Question- Do any standards of professional conduct preclude attorneys from proposing, demanding and/or entering into settlement agreements that include indemnification and hold harmless provisions binding an attorney to personally satisfy any unknown lien claims against the settlement funds or property?
Opinion- Under both the Code of Professional Responsibility (repealed effective Jan. 1, 1988) and cited herein as “SCR 20.”) and the Rules of Professional Conduct for Attorneys (created effective January 1, 1988) and cited herein as Rules or “SCR 20:”}, inclusion of such indemnification and hold harmless provisions in settlement agreements is improper. Accordingly, lawyers may not propose, demand or enter into such agreements.
The primary ethical problem with conditioning a settlement agreement on a lawyer’s becoming a guarantor against lien claims is that the lawyer’s interests are placed clearly at odds with his or her clients. Although the US. Supreme Court’s holding in Evans v. Jeff D., 106 S. Ct. 1531 (1986), suggest that settlement proposals may sometimes legally and ethically drive such a potential wedge between attorney and client, this committee concurs with other bar association ethics committees in holding that it is unprofessional conduct to enter into or to propose such agreements, at least in contexts other than the 1976 Civil Rights Attorneys Fees Act, which was at issue in Evans, supra. See, e.g. District of Columbia Opinion 147 (1/24/85): New York City Opinion 82080 (reaffirming Opinion 80-94).
In addition, both the code and Rules narrowly circumscribe the extent to which lawyers may acquire a financial interest in representation for which they are responsible. See generally SCR 20.26 and SCR 20:1.8. Neither the Code nor Rules expressly or, in the committee’s opinion, implicitly sanctions the usage of such indemnification and hold harmless provisions. In summary, we conclude that a lawyer’s participating in settlement agreements incorporation such provisions would constitute a prohibited acquisition of a financial (although potentially negative) interest in the cause of action or subject matter of the litigation that the lawyer is conducting, as well as an improper advance of financial assistance to a client. See SCR 20:26 and SCR 20:1.8(e) and (j).
It took 25 years for this issue recently to arise in our office.
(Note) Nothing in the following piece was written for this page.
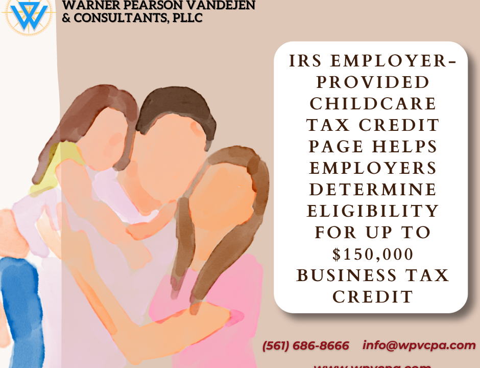 IRS Employer-Provided Childcare Tax Credit page helps employers determine eligibility for up to $150,000 business tax credit

Granted, the person suggesting it wasn’t an attorney, but rather, an insurance adjuster and wasn’t in the State of Wisconsin, but the point of the insurance adjuster “demanding” that I should personally promise to pay liens and obligations of the client, would run contrary to my ethical responsibilities to my client. I cannot and will not sign such a hold harmless agreement. I won’t be intimidated or pushed around by the insurance company adjuster anymore today, than the insurance defense attorney tried to do to us 25 years ago. Sometimes, you just have to stand up and fight back as hard as you can at the insurance company for trying to push you around.